Page 66 of volume two of the public expenditure White Paper states: It is intended that the decisions about the increases in November 1983 will have regard to the fact that the forecast increase in prices over the year November 1981 to November 1982—on which the November 1982 uprating was based—exceeded the actual rise in prices over that period. That again is an attempt to soften the language.

Could it be—we are entitled to speculate—that there will not be a claw back, that there will merely be a tiny claw back, or, as the Minister seemed to suggest to the Select Committee just before Christmas, that there could be a claw back on benefits which the Government are not required by legislation to uprate in line with inflation?

To most people there is something very wrong with a procedure that can produce such a farcical and worrying situation. In any other walk of life, increases are agreed and, if necessary, back pay is given, often by a lump sum, if negotiations drag on past an agreed date. No one else must rely on an estimate made in March for an increase the following November, with the uncertainty and possibility of having some snatched back.
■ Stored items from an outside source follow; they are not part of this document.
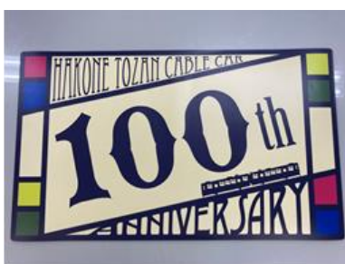
100周年記念ヘッドマーク (横 595×縦 350mm)

ケーブルカー開業100周年記念ヘッドマーク ステッカータイプ（2名さま）、ケーブルカー100周年記念オリジナルグッズAセット【ペンケース、クリアファイル1枚】・Bセット【クリアファイル3枚、文具】（各3名さま）、登山電車レールセット（3名さま）、お子さま用箱根フリーパス1枚（3名さま）、2021年度用列車運行図表（6名さま）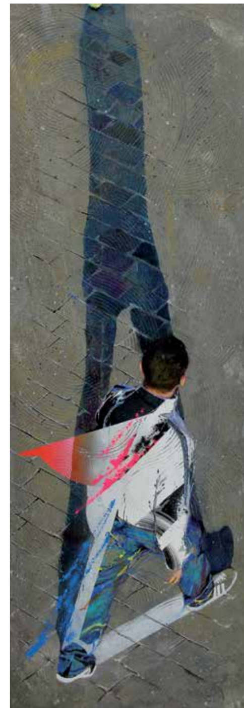
Gustave, acrylique, résine et ciment sur toile, 150 x 50 cm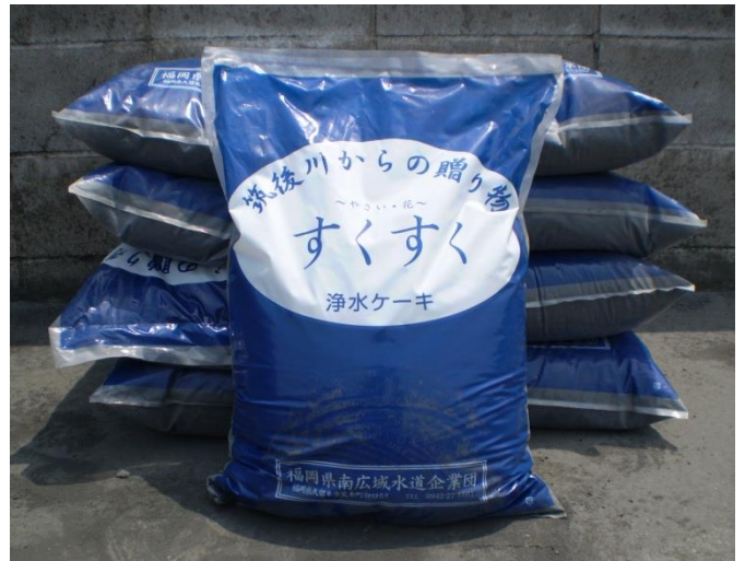
浄水ケーキ「すくすく」 (約20L/袋)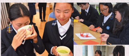
▲茶道初体験の春蕾生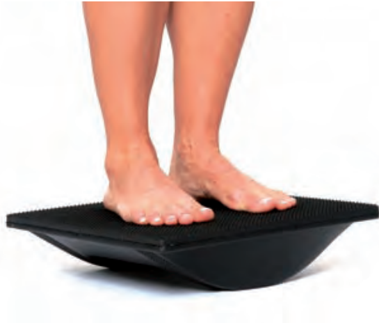
Frontalebene (Füße parallel zur Kipprichtung)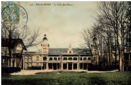
La Villa des Fleurs vers 1910.

La Villa des Fleurs sert d'abord d'annexe à l'hôpital dépôt des convalescents n° 29 du Grand Cercle avant de devenir une annexe de l'hôpital complémentaire n°52 de l'hôtel Métropole. C'est au titre de dépôt de convalescents qu'il reçoit le plus de blessés.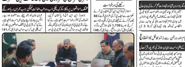
گورنر کی ذمہ داری لیں، گیس جنرل کی بجائے گورنر کی ذمہ داری لیں

گورنر کی ذمہ داری لیں، گیس جنرل کی بجائے گورنر کی ذمہ داری لیں۔ حکومت کے اراکین نے کہا کہ اگر حکومت گورنر کی ذمہ داری نہیں لیتی تو بلوچستان کی ترقی نہیں ہو سکتی۔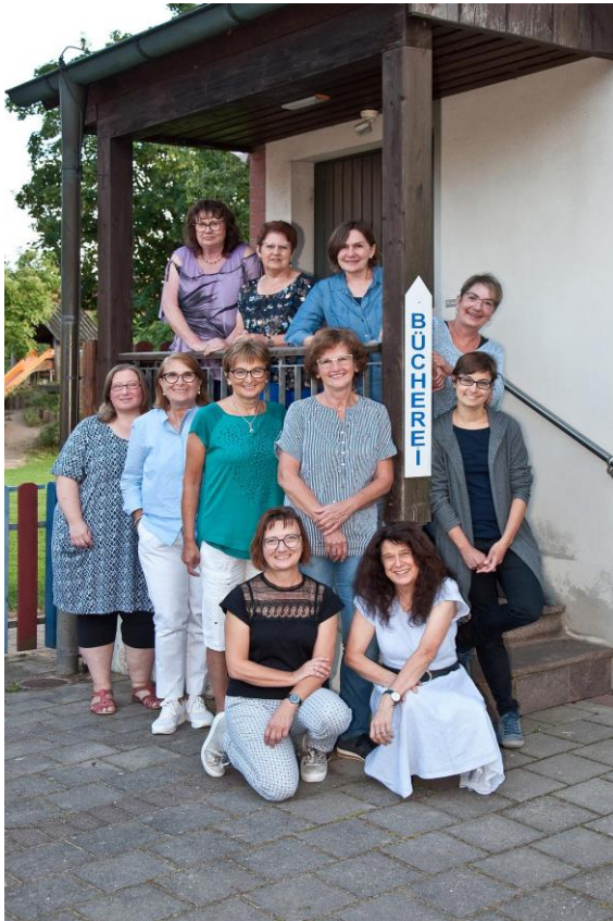
(zwei Mitarbeiterinnen fehlen auf dem Bild)

Unser Team bestand 2022 aus 13 ehrenamtlichen Mitarbeiterinnen und einem Mitarbeiter, dem die Administration unserer Bibliothekssoftware obliegt. Auch nach den anstrengenden vergangenen Jahren war das Team stets mit großer Begeisterung bei der Arbeit.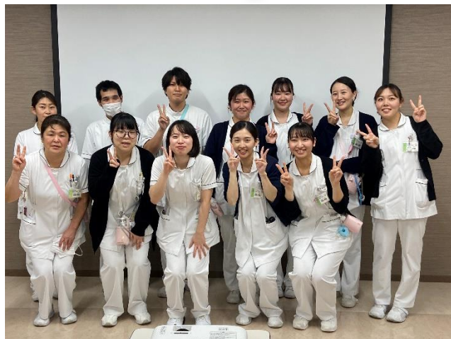
今日が新人として最後の研修です みなさんととても良い笑顔です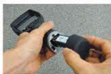
リプレーサブルバッテリー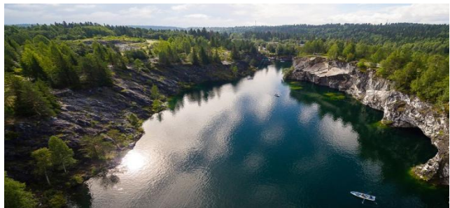
Горный Парк Рускеала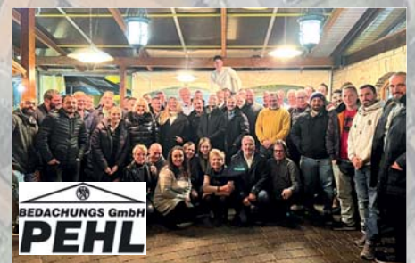
Spezialisten für Dächer. Die Firma Pehl ist Experte für alle Dachdecker- und Zimmerarbeiten. Beim Gewerbefest ist sie mit einem großen Kranwagen vor Ort und einem Modell vertreten. Sebastian Pehl Bedachungs GmbH, Bahnstraße 43, Tel. 06196/9997469.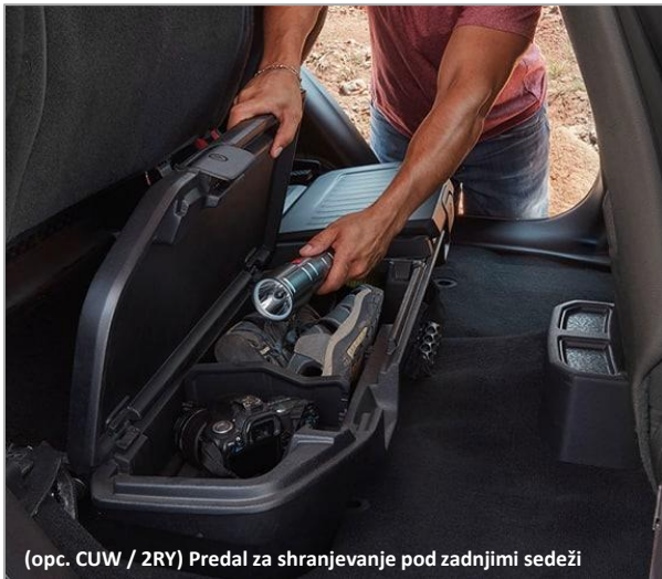
(opc. CUW / 2RY) Predal za shranjevanje pod zadnjimi sedeži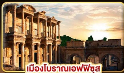
เมืองโบราณเอเฟซุส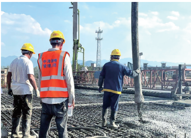
施工现场。

导报讯 国庆假期期间，临安至苍南公路佛堂互通至上佛路段工程建设者防疫、保安全、抓生产，为了项目“高效建造、完美履约”辛勤付出着。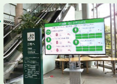
▲呼び出し案内モニターの設置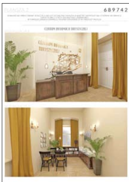
ZWYCIĘSKA PRACA KONKURSOWA NR 689742

Części graficzne wszystkich prac złożonych w konkursie zamieszczamy poniżej w galeriach.

We can imagine what would happen in industry if that procedure were applied.

The days of this pernicious procedure must surely be numbered, and the Government should urgently seek alternative methods of indexing and uprating pensions. On probably their last Budget before the election, the Government should announce an urgent review of the present method of calculating upratings. In the meantime, they could restore the link with wages, extend heating allowances to those on rent and rate rebates, increase the capital cut-of from £2,500 to at least £3,000, raise the £300 limit for single payments to £500, and restore I he death grant to its 1949 level. There are plenty of arguments to justify all those propositions, and these few modest requests would go some way towards improving the serious plight of thousands of pensioners.

5.54 am
Mr. Thomas Cox (Tooting)

I welcome the opportunity to take part in this debate, just as I welcome the debate itself. All hon. Members are aware that the problems faced by our 10 million elderly increase year by year. We often tend to think that, once a person has retired, he needs less income that he received when at work. Indeed, most people accept that once they retire, their income will fall. However, we often forget that people have built up a standard of living while at work, and they have the right to expect to retain that standard once they have retired.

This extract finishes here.